Shares of Puma Biotechnology (NASDAQ:PBYI) continued their dismal year-to-date performance by slipping over 24% last month, according to data provided by S&P Global Market Intelligence. The pharma company didn't announce any company-specific news, but investors were eager to hedge their bets ahead of the second-quarter 2019 earnings release. That's understandable after seeing the first-quarter performance.
The business reported a worrisome trend in patients discontinuing treatment of its lone drug product, Nerlynx, in the first three months of the year. The amount of churn, coupled with a relatively small survival benefit and high cost of treatment, made Wall Street question the drug's long-term growth potential.
In the first quarter of 2019, Puma Biotechnology reported a 25% decline in revenue compared to Q4 2018. Management remained unfazed, and stuck with its initial full-year 2019 guidance calling for roughly $230 million in total revenue.
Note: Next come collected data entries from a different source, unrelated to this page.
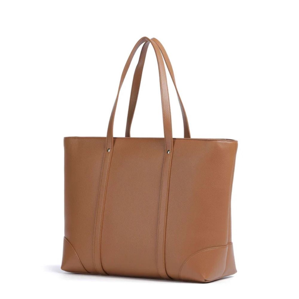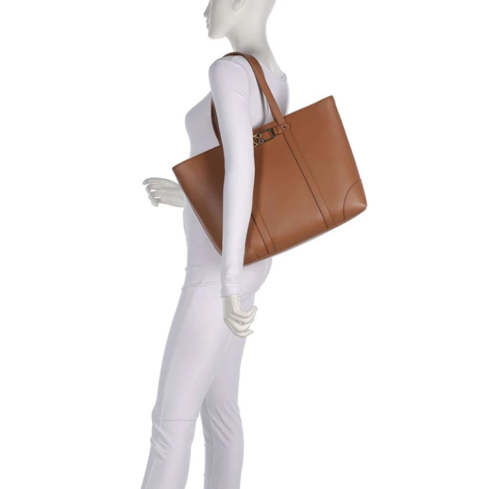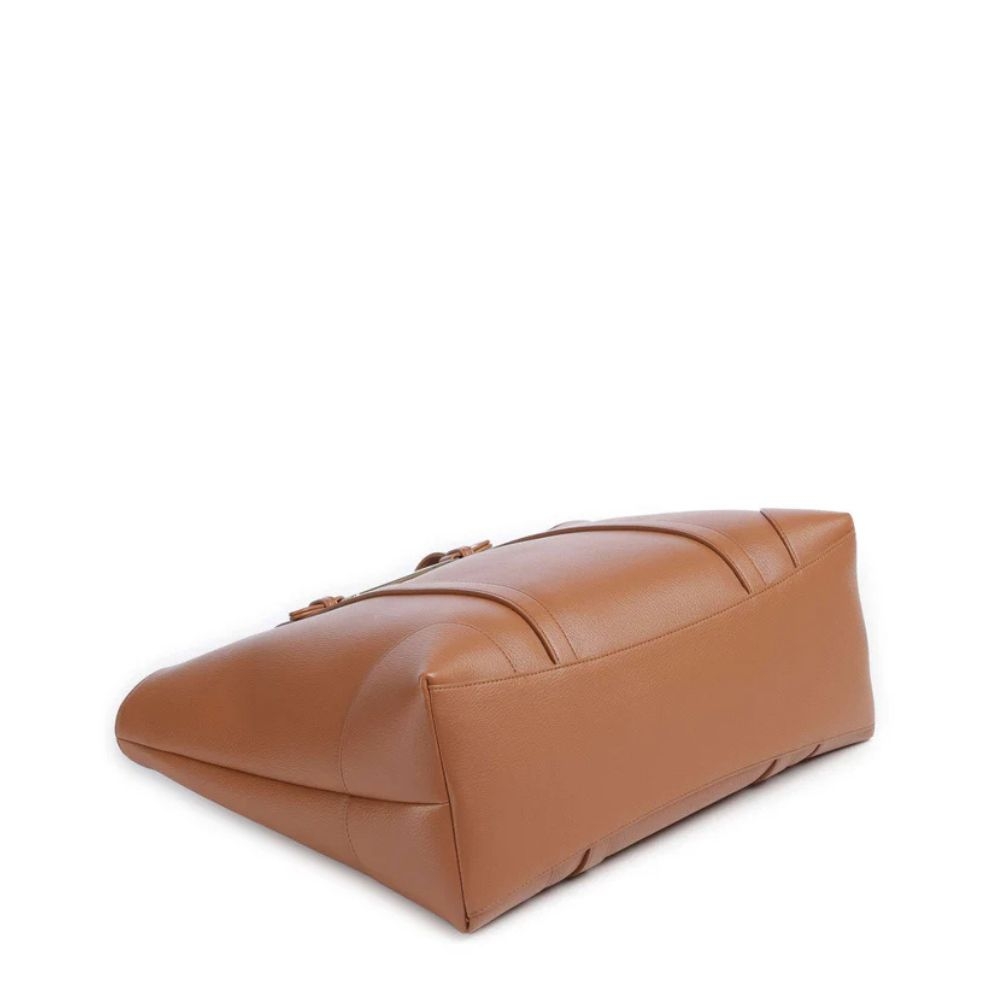 Cuenta con un cierre de cremallera que garantiza seguridad, dos manijas cómodas para llevar al hombro y herrajes en metal dorado pulido que aportan un acabado premium. Su interior amplio permite transportar documentos en formato A4, lo que lo hace perfecto para trabajo, oficina o uso diario.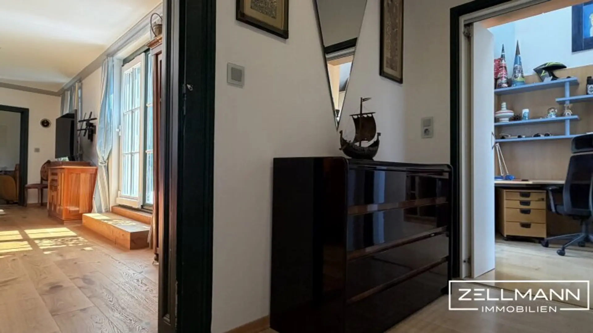 Diese Immobilie vereint herrschaftliche Wohnräume, eine spektakuläre Dachterrasse mit 360°-Blick, einen außergewöhnlich großen Privatgarten, ein winterfestes Sommerhaus und die komfortable Lage im ersten Stock.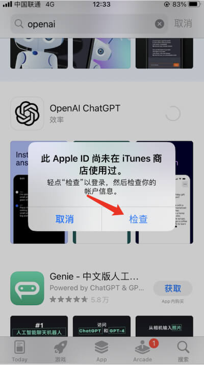 5.在App Store中搜索需要下载的APP,例如OpenAI。
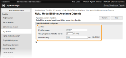Aygıt yönetimi yazılımına makinenin güç durumunu bildirmek için onay kutusunu seçin. [Bildir] seçildiğinde, makinenin uyku modundayken gereksiz iletişimi önlemesini ve toplam güç tüketiminin azaltılmasını bekleyebilirsiniz. [Port Numarası]
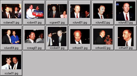 Registered users: Click on thumbnail to view full size. Captions down below. No password? Click here. Registration is free to the industry. Photos 37-54 Captions: rcdama01.jpg D'Amato at '96 Republican Convention, San Diego, Calif. rcdorn01.jpg Rep. Bob Dornan with fanatic supporter. rcgram01.jpg Sen. Phil Gramm. rclund01.jpg Calif. Atty. General Dan Lundgren. rclund02.jpg Calif. Atty. General Dan Lundgren. rclund03.jpg Calif. Atty. General Dan Lundgren. rclund04.jpg Calif. Atty. General Dan Lundgren, with wife. rcreag01.jpg Conservative radio commentator Mike Reagan rcrobe01.jpg Pat Robertson. rcthom01.jpg Tennessee Sen. Fred Thompson. rcthom02.jpg Tennessee Sen. Fred Thompson. rcthur01.jpg Strom Thurmond. rcclar01.jpg Moderate columnist Clarence Page with Tom Engelhorn. Home Browse Search Contact Subscribe Return to Galleries 27 MAR 1999 All photos and content copyright © 1981-2010 PHOTOSPORT.COM. All Rights Reserved. |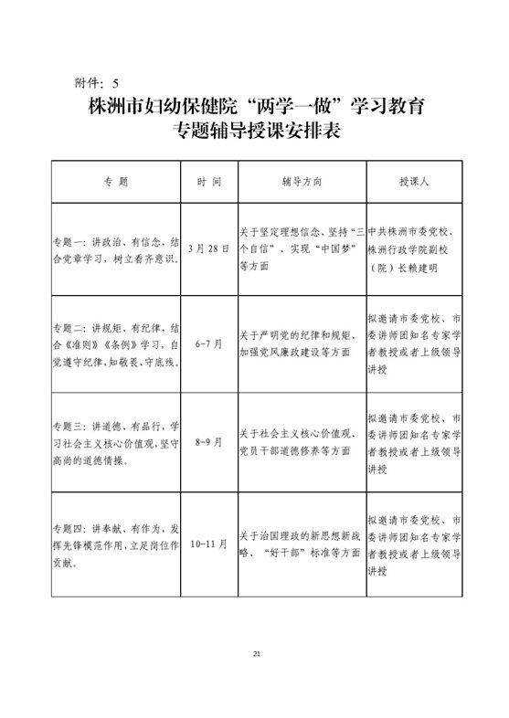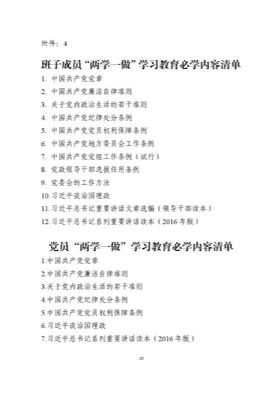 2.開展專題學(xué)習(xí)討論。堅(jiān)持把個(gè)人自學(xué)和集中學(xué)習(xí)結(jié)合起來,明確自學(xué)要求,引導(dǎo)黨員合理安排時(shí)間,讀原著、學(xué)原文、悟原理,認(rèn)真搞好個(gè)人自學(xué)。逐條逐句學(xué)習(xí)《中國共產(chǎn)黨黨章》,全面理解黨的綱領(lǐng),牢記入黨誓詞,牢記黨的宗旨,牢記黨員義務(wù)。黨支部委員會(huì)和黨小組要按照“三會(huì)一課”制度要求,制定全年學(xué)習(xí)計(jì)劃表,每月組織一次集中學(xué)習(xí);不設(shè)黨小組的,以黨支部為單位集中學(xué)習(xí)。黨支部每 2個(gè)月召開一次全體黨員會(huì)議,每次圍繞一個(gè)專題開展學(xué)習(xí)討論。黨員分散、人數(shù)較多的黨支部,可分組開展學(xué)習(xí)討論。學(xué)習(xí)討論重點(diǎn)圍繞“四個(gè)專題”進(jìn)行:專題一(4-5 月),以“講政治、有信念”為主要內(nèi)容。結(jié)合學(xué)習(xí)黨章和習(xí)近平總書記關(guān)于堅(jiān)定理想信念、堅(jiān)持“三個(gè)自信”、實(shí)現(xiàn)“中國夢(mèng)”等方面的論述進(jìn)行深入討論,重點(diǎn)看能否堅(jiān)守共產(chǎn)黨人信仰信念,自覺向黨中央看齊,向黨的理論和路線方針政策看齊;能否牢記黨的宗旨,踐行群眾路線,密切與群眾的血肉聯(lián)系;能否正確處理公與私、義與利、個(gè)人與組織、個(gè)人與群眾的關(guān)系;能否認(rèn)真履行黨員的義務(wù)。專題二(6-7月),以“講規(guī)矩、有紀(jì)律”為主要內(nèi)容。結(jié)合學(xué)習(xí)《關(guān)于黨內(nèi)政治生活若干準(zhǔn)則》《中國共產(chǎn)黨廉潔自律準(zhǔn)則》《中國共產(chǎn)黨紀(jì)律處分條例》《中國共產(chǎn)黨黨員權(quán)利保障條例》《中國共產(chǎn)黨地方委員會(huì)工作條例》《黨政領(lǐng)導(dǎo)干部選拔任用工作條例》和習(xí)近平總書記關(guān)于嚴(yán)明黨的紀(jì)律和規(guī)矩、加強(qiáng)黨風(fēng)廉政建設(shè)等方面的論述以及有關(guān)警示教育典型案例進(jìn)行深入討論,重點(diǎn)看能否嚴(yán)格遵守黨的政治紀(jì)律、組織紀(jì)律、廉潔紀(jì)律、群眾紀(jì)律、工作紀(jì)律和生活紀(jì)律,能否自覺做到在黨規(guī)黨紀(jì)面前知敬畏、守底線。專題三(8-9 月),以“講道德、有品行”為主要內(nèi)容。結(jié)合學(xué)習(xí)習(xí)近平總書記關(guān)于社會(huì)主義核心價(jià)值觀、黨員干部道德修養(yǎng)等方面的論述進(jìn)行深入討論,重點(diǎn)看能否帶頭踐行社會(huì)主義核心價(jià)值觀,能否堅(jiān)守高尚的道德情操,能否保持積極健康的生活方式。專題四(10-11月),以“講奉獻(xiàn)、有作為”為主要內(nèi)容。結(jié)合學(xué)習(xí)習(xí)近平總書記關(guān)于治國理政的新思想新戰(zhàn)略、“好干部”標(biāo)準(zhǔn)等方面論述以及先進(jìn)典型的優(yōu)秀事跡進(jìn)行深入討論,重點(diǎn)看能否自覺提升服務(wù)四個(gè)全面戰(zhàn)略布局、踐行五大發(fā)展理念的能力和水平,能否保持良好精神狀態(tài)、積極為黨的事業(yè)擔(dān)當(dāng)作為,能否立足崗位作貢獻(xiàn)、發(fā)揮先鋒模范作用。對(duì)于非中共黨員干部職工,也要組織起來學(xué)習(xí)習(xí)近平總書記的系列重要講話,將全體干部職工的思想統(tǒng)一到黨中央的治國理政新理念上來,統(tǒng)一到省委、市委工作部署上來,統(tǒng)一到“健康株洲”建設(shè)上來;對(duì)于入黨積極分子,可引導(dǎo)其主動(dòng)學(xué)習(xí)黨紀(jì)黨章,積極向黨看齊。

Investors weren't so sure the drug franchise could recover.
Nonetheless, Nerlynx demonstrated solid results in a phase 3 trial in HER2-positive metastatic breast cancer, including an improvement in progression-free survival (PFS) and the potential to prevent metastasis in the central nervous system. The results were showcased at the American Society of Clinical Oncology (ASCO) 2019 annual meeting in June, and included in a supplemental new drug application (sNDA) filed in early July.
On the one hand, the ability of the drug to earn supplemental approvals is key to its long-term growth potential. On the other hand, growth won't do much good if the company is only replacing patients who were forced to discontinue treatment because of side effects. To better gauge the trajectory of Puma Biotechnology, investors will have to wait for Q2 operating results.